Contractors should be aware of a few key implications and provisions of this reporting requirement:

  • First, cyber incidents trigger the reporting requirement even without adverse effects because the Final Rule defines cyber incident to include actions that result in a “potentially adverse effect on an information system and/or the information residing therein.”14 Moreover, a cyber incident can be something as simple (but serious) as “the copying of data to unauthorized media.”15
  • Second, contractors must report relevant cyber incidents involving their subcontractors’ systems. Indeed, DOD’s response to Comment 29 makes it clear that prime contractors must “report when [UCTI] has potentially been compromised regardless of whether the incident occurred on a prime contractor’s information system or on a subcontractor’s information system.”
  • Third, the implications of reporting a cyber incident are not clear. To be sure, the Rule provides that a “cyber incident that is properly reported by the contractor shall not, by itself, be interpreted under this clause as evidence that the contractor has failed to provide adequate information safeguards . . .”16 Contractors also should be aware, however, that DOD “does not intend to provide any safe harbor statements” in connection with reportable cyber incidents.17 It is not clear what other factors, beyond the mere occurrence of a cyber incident that is properly reported, will impact DOD’s assessment of contractor compliance with the requirement to provide adequate security measures.
  • Finally, contractors should note that the contracting officer has discretion to conduct audits and reviews of contractors’ safeguarding measures “in accordance with the terms of the contract.”18 It is therefore possible that defense contractors may face audit and investigation costs before and after a cyber incident.


The Final Rule became effective as on November 18, 2013, and requires, at bottom, that contractors provide “adequate security to safeguard” UCTI. Contractors must recognize that they have the burden of determining what information is protected, which means that they should be familiar with the definition of UCTI and the “adequate security” requirements. In response to industry comments, DOD also said that “[t]he rule does not require a specific analysis to determine if additional controls are required. The intent is to require that if the contractor is aware, based on an already assessed risk or vulnerability that the specified controls are inadequate, then the contractor must implement additional controls to mitigate the specific shortcoming.”19 Furthermore, contractors must be prepared to identify and report cyber incidents involving UCTI in their systems and their subcontractors’ systems.

Additionally, it is clear that contractors are responsible for subcontractors’ compliance with these security requirements and for reporting cyber incidents involving subcontractors’ systems. Therefore, contractors should actively participate with their subcontractors—which includes Internet Service Providers or cloud service providers per DOD’s Response to Comment 3—in order to ensure compliance with the Final Rule and to promptly report any relevant cyber incidents.

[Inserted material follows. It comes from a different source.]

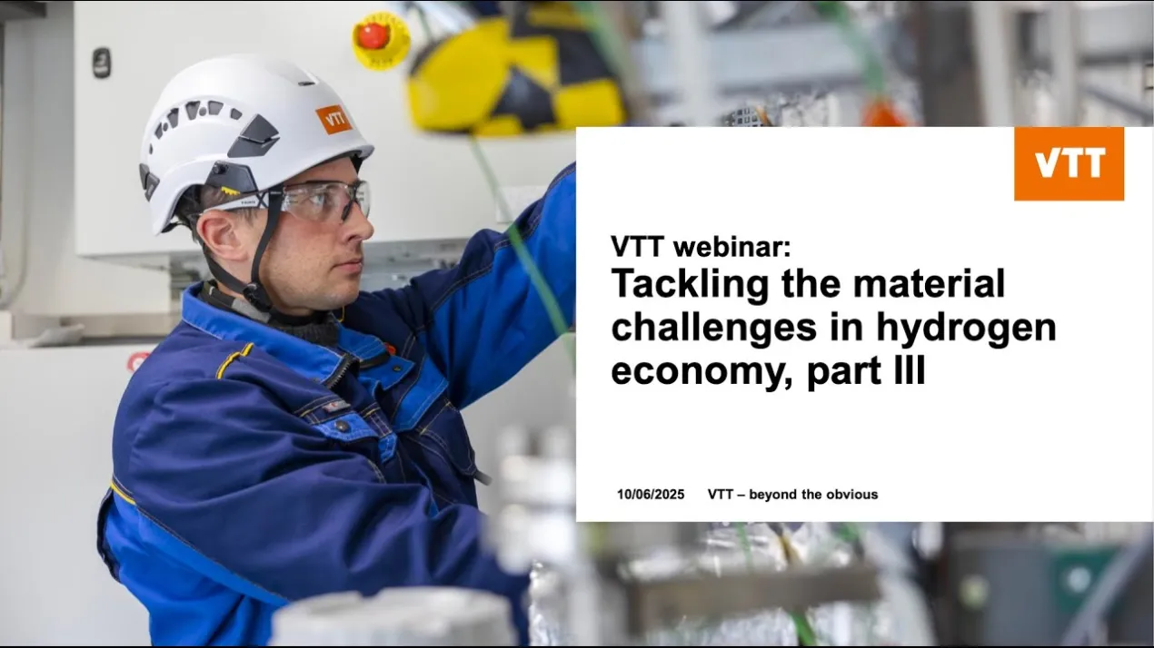 You can watch the webinar "Tackling the material challenges in hydrogen economy – VTT ProperScan part llI" on this page. This webinar covers VTT scientists' insights about hydrogen related material challenges and how VTT ProperScan can help you make right choices and avoid material failures resulting in costly down-time.

Moreover, it would be prudent for contractors to examine their contractual rights to: (i) audit subcontractors’ network security safeguards; (ii) require subcontractors to notify the contractor of any cyber incidents; and (iii) participate in any investigation related to a cyber incident involving a subcontractor’s network.

While immediate compliance is required, DOD’s response to Comment 14 states that “[i]mplementation of the rule does not direct modification of existing contracts.” As to the cost of compliance, DOD’s response to Comment 10 notes that “costs associated with implementation will be allowable and chargeable to indirect cost pools” but that the “Government does not intend to directly pay for the operating costs associated with the rule.” Moreover, in its response to Comment 7, DOD advised that “[i]mplementation of this rule may increase contractor costs that would be accounted for through the normal course of business.”